Olympic Mountain Hiking




My introduction to the Olympic Mountains came in 1966 after years of reading about them.   I went with an old college friend, Parker Holden, for some climbing in the Sawtooth ridge region.   Parker and I ended up climbing the Fin via a route that was a mixture of the easy one and the West Face.   The final pitch was exposed Class 4, but on good rock.   The summit, although not high, provided views into the interior, including Olympus.  We rappelled down the back side for an easy descent.   But I was hooked.    In 1970 I decided to do a solo backpack to Hayden Pass with a climb of Sentinel Peak, shown in the above photo.   The pass is the right hand ridge low point, reached via a trail from Dose Meadows below.   I also visited Lost Pass, the site of the photo above.   I was blown away by the beauty of it all.   And I happened to hit it perfectly, just as the snows were melting from the meadows at the very end of June, resulting in nearly solid fields of avalanche lilies.   It was the same in Hayden Pass.     I didn't take a camera on that trip to save weight (dumb mistake!) and the photo above is one that Ron took years later.     I returned to Lost Pass in 1977, but that trip was in July and past the lily peak.

72.

For several years I continued to do long solo trips over the 4th of July.   It happened to coincide well with other family activities.   Perhaps the best of those trips was in 1972 when I did the Duckabush.   The trailhead begins virtually at sea level on Hood Canal and ends in the high country, in LaCross Basin.  The view above shows O'Neil Pass above Marmot Lake.   There was, at that time, a shelter at Marmot Lake, but it was nearly snowbound in early July.

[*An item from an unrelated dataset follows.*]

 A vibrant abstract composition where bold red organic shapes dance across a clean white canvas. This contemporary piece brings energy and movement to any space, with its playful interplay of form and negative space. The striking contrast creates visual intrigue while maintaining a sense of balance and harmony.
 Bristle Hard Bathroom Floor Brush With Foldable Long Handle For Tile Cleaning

This view shows the upper extent of LaCross Basin with the lake completely covered on the 1972 Duckabush trip.  Mt. Anderson can be seen peeking above the ridge.     The most intense part of this trip was the loneliness.     I was out for nearly an entire week and didn't see another person.   I heard elk in the brush and saw bear and deer, but no people.   (I've not done that since, but Ron and Tom pulled it off in 2007 in the Bailey Range.)

  74

Soon I began to take the boys into the Olympics.   One of the earlier trips was a one day junket to the summit of Mt. Ellinore, shown above.   This was before there was a trail.  We took the snow chute, which presented no problems, although I did rope them up so we could do an ice-ax belay if needed.   This hike was probably in 1974.   I had done a 1972 solo trek to the peak with a camp on the summit.

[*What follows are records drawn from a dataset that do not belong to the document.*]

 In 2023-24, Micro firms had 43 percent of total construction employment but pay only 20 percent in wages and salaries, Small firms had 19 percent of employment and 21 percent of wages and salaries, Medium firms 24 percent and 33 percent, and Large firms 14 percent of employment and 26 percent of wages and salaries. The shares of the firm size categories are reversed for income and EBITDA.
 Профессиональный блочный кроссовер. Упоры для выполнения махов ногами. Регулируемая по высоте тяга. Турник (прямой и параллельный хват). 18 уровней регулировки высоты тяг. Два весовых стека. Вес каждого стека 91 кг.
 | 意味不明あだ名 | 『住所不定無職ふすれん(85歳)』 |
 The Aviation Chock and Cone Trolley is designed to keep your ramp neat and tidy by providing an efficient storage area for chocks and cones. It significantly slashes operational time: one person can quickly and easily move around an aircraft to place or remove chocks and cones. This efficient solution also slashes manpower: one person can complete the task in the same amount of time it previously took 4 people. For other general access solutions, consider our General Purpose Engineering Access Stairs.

We have climbed the peak several times since then.   The photo above shows Ron on the summit at the end May of 2003 after he and I did the peak.    He has also climbed the peak often with his family.

1975.

On LaCross Pass between the West Fork of the Dosewallups and the Duckabush, on our way to a return to LaCross Basin.    This is perhaps the best trip that the boys and I have ever done.   It was long and intense, covering 45 miles with 8 or 10 thousand feet of elevation gain in 5 days, with about half of the trip in heavy rain.     From LaCross Basin we crossed O'Neil Pass into the Quinault, and then took Anderson Pass back to the West Fork.    The boys were 11 and 13 at that time.

Just the other day I read a motto of sorts stating that "There is no adventure without adversity."    Perhaps that writer was right.



The lush green was certainly a contrast to the first time I saw this meadow, then all in white.  

75.

A highlight of our 1975 trip was meeting Bob Wood at Marmot Lake.   Bob, shown above, was a noted author and history authority on the Olympic Mountains.    His books formed the background for all of our planning.



This is a view, taken many years later, of the Blue Glacier on Mt. Olympus.    Ron and I walked in to visit it with Bruce Johnson, Shon's cousin.